# [WHAT TO PRODUCE]
Skip pictures in the listing below; copy exactly the lines from the one with "百度的技术布局远不止于芯片领" through the one with "I’ve been stocking", inclusive.

# [RECORDS TO PROCESS]

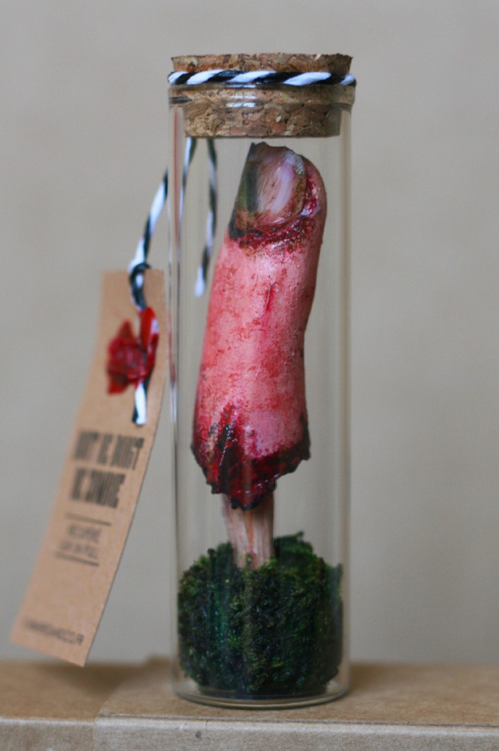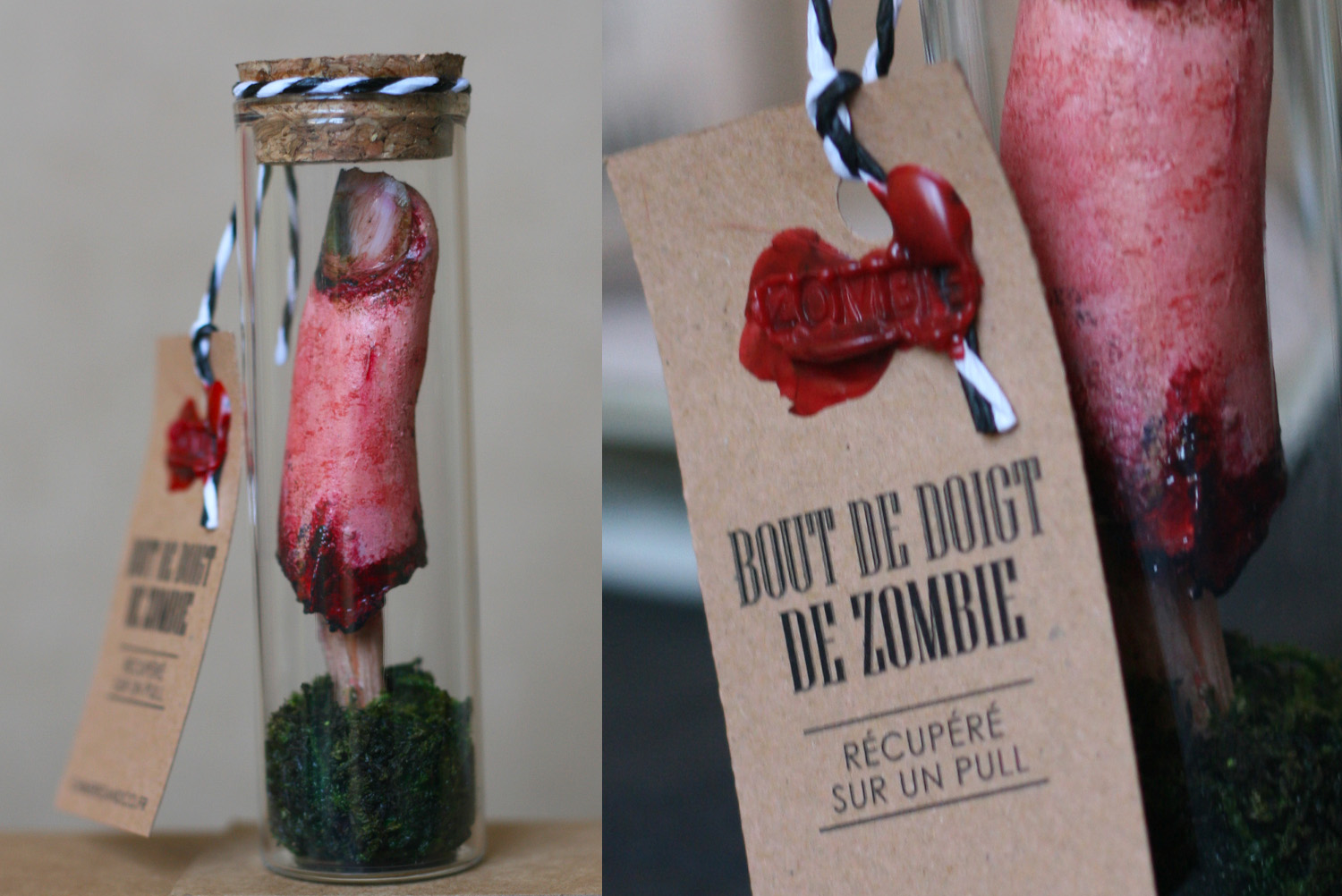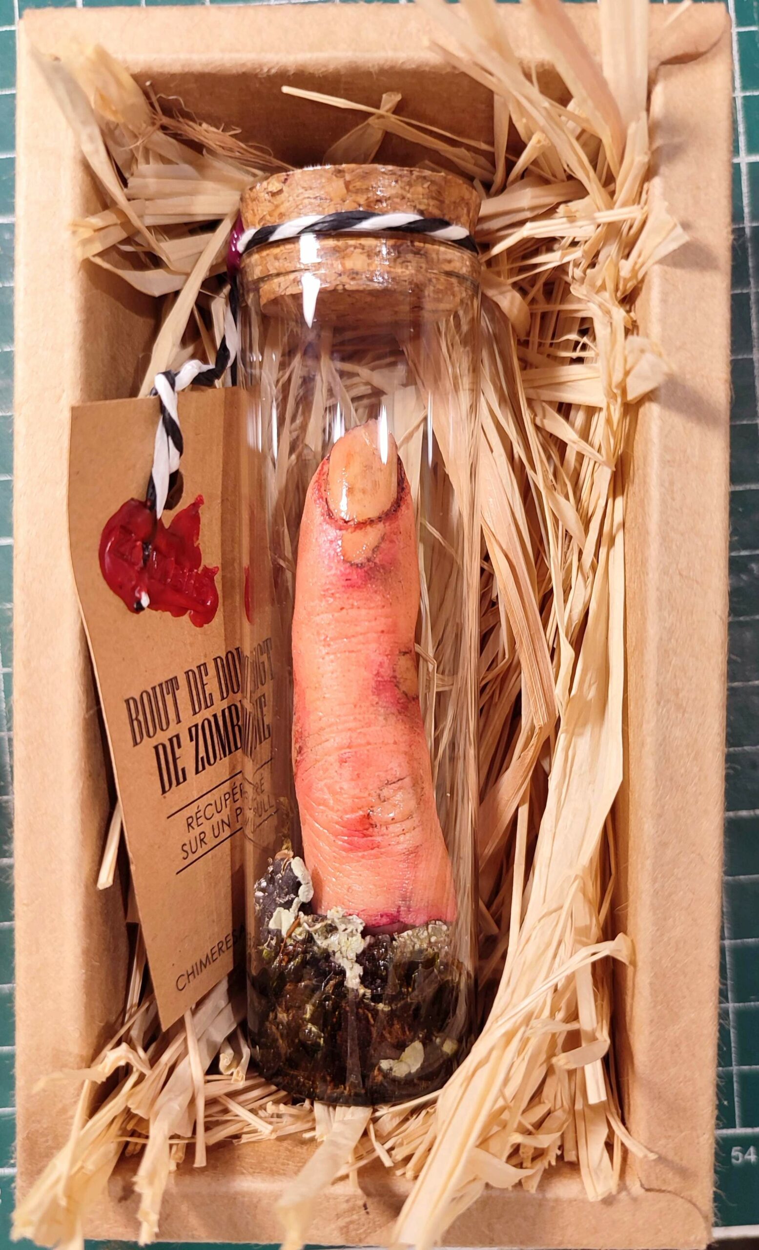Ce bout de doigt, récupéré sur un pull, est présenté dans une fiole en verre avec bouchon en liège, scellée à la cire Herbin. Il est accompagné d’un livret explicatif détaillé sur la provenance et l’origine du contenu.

---

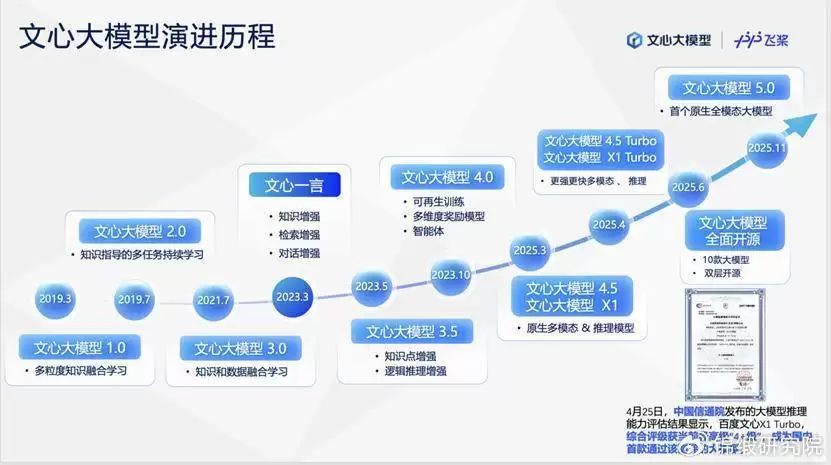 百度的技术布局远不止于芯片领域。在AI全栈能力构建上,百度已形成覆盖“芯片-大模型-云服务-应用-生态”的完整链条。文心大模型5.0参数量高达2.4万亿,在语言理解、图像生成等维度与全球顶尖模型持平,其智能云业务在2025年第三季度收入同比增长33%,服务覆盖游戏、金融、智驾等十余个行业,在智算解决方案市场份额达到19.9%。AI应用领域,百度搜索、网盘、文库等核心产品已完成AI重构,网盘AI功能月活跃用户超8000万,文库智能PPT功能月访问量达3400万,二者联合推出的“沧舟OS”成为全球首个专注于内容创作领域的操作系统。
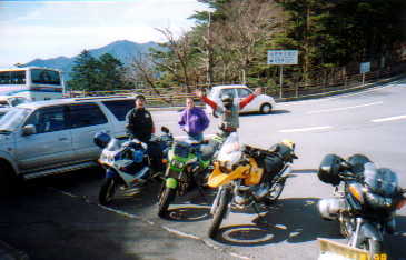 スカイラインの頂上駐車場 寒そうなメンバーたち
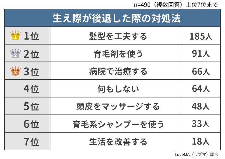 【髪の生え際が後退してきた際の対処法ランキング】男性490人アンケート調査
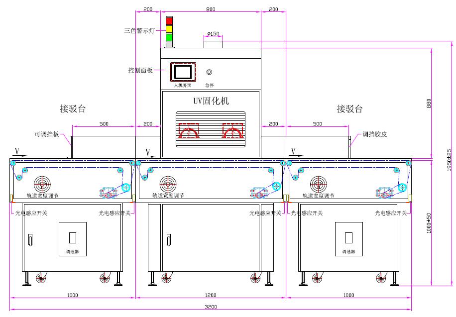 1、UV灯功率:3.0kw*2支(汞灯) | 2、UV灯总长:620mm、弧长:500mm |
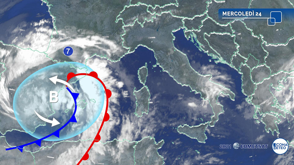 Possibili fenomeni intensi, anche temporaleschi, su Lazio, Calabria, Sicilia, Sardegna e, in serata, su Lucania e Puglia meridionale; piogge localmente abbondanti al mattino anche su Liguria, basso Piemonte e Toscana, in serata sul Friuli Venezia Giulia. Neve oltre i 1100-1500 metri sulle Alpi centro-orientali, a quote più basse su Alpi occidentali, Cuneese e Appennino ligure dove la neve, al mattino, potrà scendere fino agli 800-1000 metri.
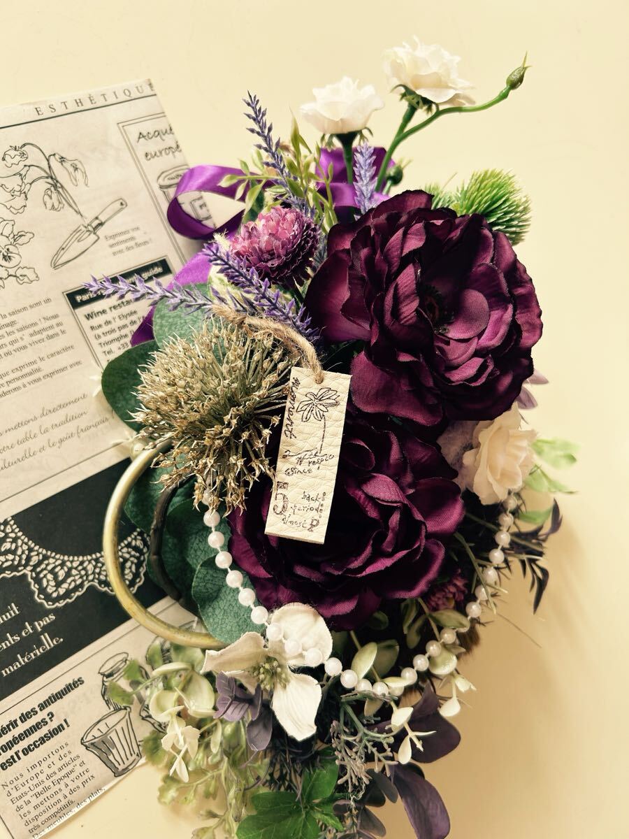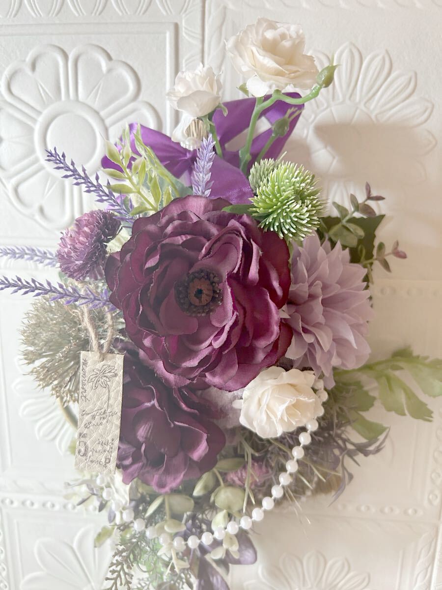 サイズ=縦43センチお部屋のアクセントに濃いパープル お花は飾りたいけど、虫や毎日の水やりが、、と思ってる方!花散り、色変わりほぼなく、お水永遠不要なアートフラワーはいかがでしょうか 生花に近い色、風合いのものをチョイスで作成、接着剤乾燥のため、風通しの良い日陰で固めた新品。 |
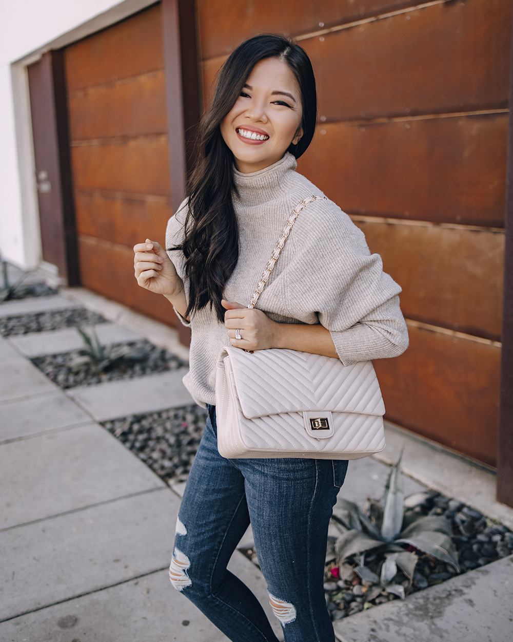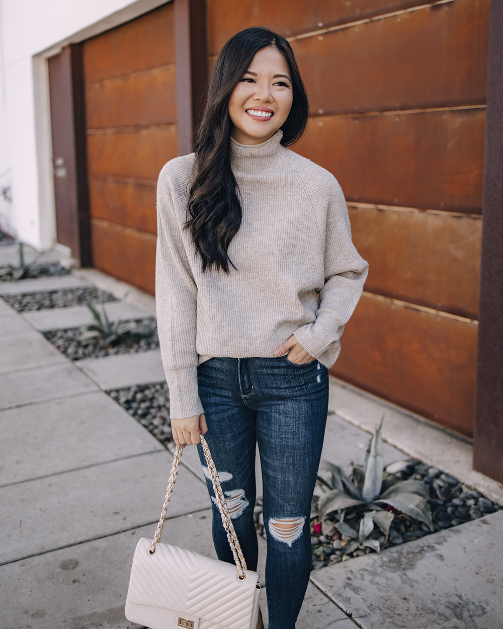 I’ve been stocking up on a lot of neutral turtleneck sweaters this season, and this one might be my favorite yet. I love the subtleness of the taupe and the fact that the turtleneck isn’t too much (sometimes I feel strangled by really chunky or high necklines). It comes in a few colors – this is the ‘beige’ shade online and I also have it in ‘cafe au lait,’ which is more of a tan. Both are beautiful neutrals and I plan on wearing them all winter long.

...

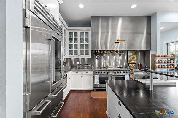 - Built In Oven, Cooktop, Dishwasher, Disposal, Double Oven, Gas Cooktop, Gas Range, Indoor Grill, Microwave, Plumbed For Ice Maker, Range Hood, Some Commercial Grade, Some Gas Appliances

# [EXPECTED OUTPUT]
 百度的技术布局远不止于芯片领域。在AI全栈能力构建上,百度已形成覆盖“芯片-大模型-云服务-应用-生态”的完整链条。文心大模型5.0参数量高达2.4万亿,在语言理解、图像生成等维度与全球顶尖模型持平,其智能云业务在2025年第三季度收入同比增长33%,服务覆盖游戏、金融、智驾等十余个行业,在智算解决方案市场份额达到19.9%。AI应用领域,百度搜索、网盘、文库等核心产品已完成AI重构,网盘AI功能月活跃用户超8000万,文库智能PPT功能月访问量达3400万,二者联合推出的“沧舟OS”成为全球首个专注于内容创作领域的操作系统。
 スカイラインの頂上駐車場 寒そうなメンバーたち
 【髪の生え際が後退してきた際の対処法ランキング】男性490人アンケート調査
 1、UV灯功率:3.0kw*2支(汞灯) | 2、UV灯总长:620mm、弧长:500mm |
 Possibili fenomeni intensi, anche temporaleschi, su Lazio, Calabria, Sicilia, Sardegna e, in serata, su Lucania e Puglia meridionale; piogge localmente abbondanti al mattino anche su Liguria, basso Piemonte e Toscana, in serata sul Friuli Venezia Giulia. Neve oltre i 1100-1500 metri sulle Alpi centro-orientali, a quote più basse su Alpi occidentali, Cuneese e Appennino ligure dove la neve, al mattino, potrà scendere fino agli 800-1000 metri.
 サイズ=縦43センチお部屋のアクセントに濃いパープル お花は飾りたいけど、虫や毎日の水やりが、、と思ってる方!花散り、色変わりほぼなく、お水永遠不要なアートフラワーはいかがでしょうか 生花に近い色、風合いのものをチョイスで作成、接着剤乾燥のため、風通しの良い日陰で固めた新品。 |
 I’ve been stocking up on a lot of neutral turtleneck sweaters this season, and this one might be my favorite yet. I love the subtleness of the taupe and the fact that the turtleneck isn’t too much (sometimes I feel strangled by really chunky or high necklines). It comes in a few colors – this is the ‘beige’ shade online and I also have it in ‘cafe au lait,’ which is more of a tan. Both are beautiful neutrals and I plan on wearing them all winter long.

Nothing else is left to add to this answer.